MongoDB is popular because of its versatility and easy cloud integration, and able to be used for a wide variety of tasks. MongoDB stores data using the JSON format. Queries of MongoDB databases are also made in the JSON format, and because both the storage and retrieval commands are based on the JSON format, it is simple to remember and compose commands for MongoDB.
What are APIs?
APIs are Application Programming Interfaces, and their function is to make communications between clients and servers easier. APIs are often created to facilitate the collection of information by those who are less experienced with the language used by the application's developers.
APIs can also be helpful methods of controlling the flow of information from a server, encouraging those interested in accessing its information to use official channels to do so, rather than construct a web scraper.
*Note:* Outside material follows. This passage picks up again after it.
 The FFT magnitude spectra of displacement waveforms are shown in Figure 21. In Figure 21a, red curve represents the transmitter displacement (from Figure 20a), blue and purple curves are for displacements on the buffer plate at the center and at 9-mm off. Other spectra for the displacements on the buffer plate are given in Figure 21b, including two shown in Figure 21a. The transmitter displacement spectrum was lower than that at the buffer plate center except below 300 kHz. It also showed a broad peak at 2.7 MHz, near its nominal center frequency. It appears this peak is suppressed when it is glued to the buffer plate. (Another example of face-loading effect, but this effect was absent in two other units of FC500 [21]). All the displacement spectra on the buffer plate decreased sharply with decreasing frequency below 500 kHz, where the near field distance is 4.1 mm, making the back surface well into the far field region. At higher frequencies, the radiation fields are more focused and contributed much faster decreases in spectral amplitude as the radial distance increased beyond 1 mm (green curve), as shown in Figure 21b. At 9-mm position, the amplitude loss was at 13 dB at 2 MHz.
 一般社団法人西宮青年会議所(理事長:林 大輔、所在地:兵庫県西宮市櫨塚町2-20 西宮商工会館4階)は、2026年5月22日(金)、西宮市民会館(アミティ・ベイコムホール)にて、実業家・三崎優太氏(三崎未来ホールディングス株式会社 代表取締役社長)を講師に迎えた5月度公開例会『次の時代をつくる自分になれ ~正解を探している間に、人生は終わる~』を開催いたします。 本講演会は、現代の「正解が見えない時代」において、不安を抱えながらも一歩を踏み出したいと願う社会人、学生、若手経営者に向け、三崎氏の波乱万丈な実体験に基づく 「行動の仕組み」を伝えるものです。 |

The most common APIs for websites are REST (Representational State Transfer) APIs, which make use of standard HTTP requests and responses to send, receive, delete, and modify data. We'll be accessing a REST API and making our requests in HTTP format for this tutorial.
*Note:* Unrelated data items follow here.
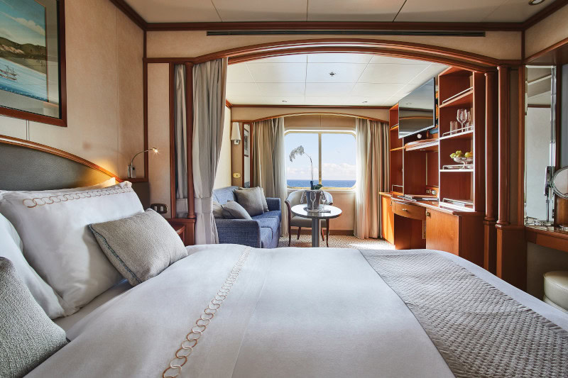 The Deluxe Veranda Suite offers unbeatable views. A Silversea signature. Spacious and welcoming. Floor-to-ceiling glass doors open onto a furnished private teak veranda. Each spectacular sunset feels like it is yours alone. The Deluxe Veranda Suite offers a preferred central location with identical accommodation to a Veranda Suite. No top cruise line would be complete without such a luxury.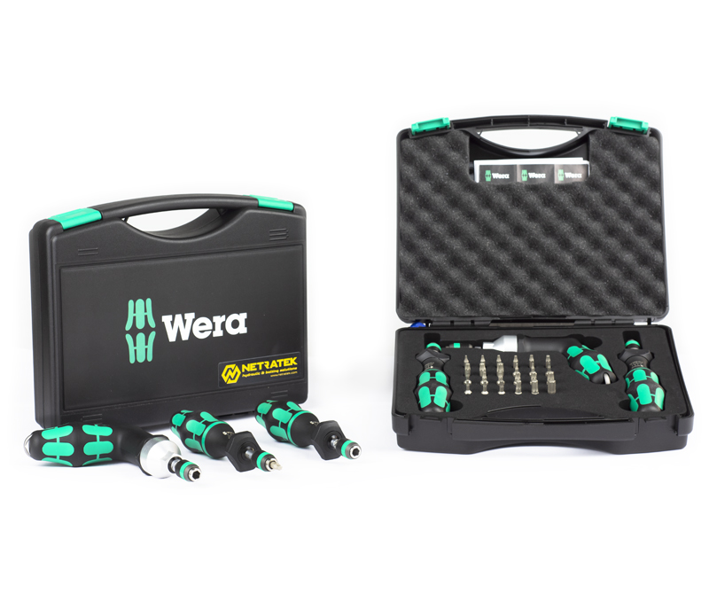 0.3-6 N.m aralığını kapsayan Wera tork ayarlı tornavida seti içerisinde 3 adet cihaz bulunur. Ayrıca 24 adet bits uç yine çanta içinde sunulur. Torx, Torx Plus ve Z Hex Plus uçlar hemen hemen her uygulamada kullanılabilir.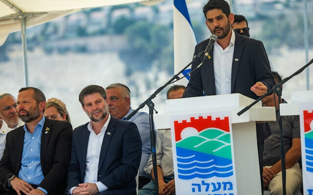 Ma’ale Adumim Mayor Guy Yifrach speaks during a press conference announcing his plans to approve more than 3,000 housing units in the E1 settlement project between Jerusalem and Ma’ale Adumim, August 14, 2025 (Yonatan Sindel/Flash90)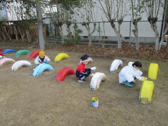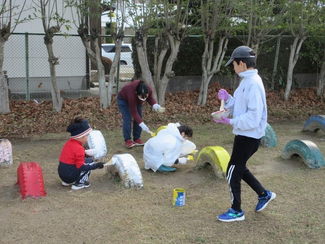 ふきっ子サポータズによる環境整備活動がありました。今日の作業は、運動場の遊具等のペンキ塗りと木の剪定です。タイヤなどの遊具が色あせていたところをペンキで塗ってくれました。今日の作業には、サポーターズだけでなく、ふきっ子、そしてもうすぐふきっ子として入学する子どもたちが参加してくれました。

What API will we be Using?
The API we'll be using is GameSpot's API. GameSpot is one of the biggest video game review sites on the web, and its API can be reached here.
Getting Set Up
Before we begin, you should be sure to get yourself an API key for GameSpot. You should also be sure to have MongoDB and its Python library installed. The installation instructions for Mongo can be found here.
The PyMongo library can be installed simply by running:
$ pip install pymongo
You may also wish to install the MongoDB Compass program, which lets you easily visualize and edit aspect of MongoDB databases with a GUI.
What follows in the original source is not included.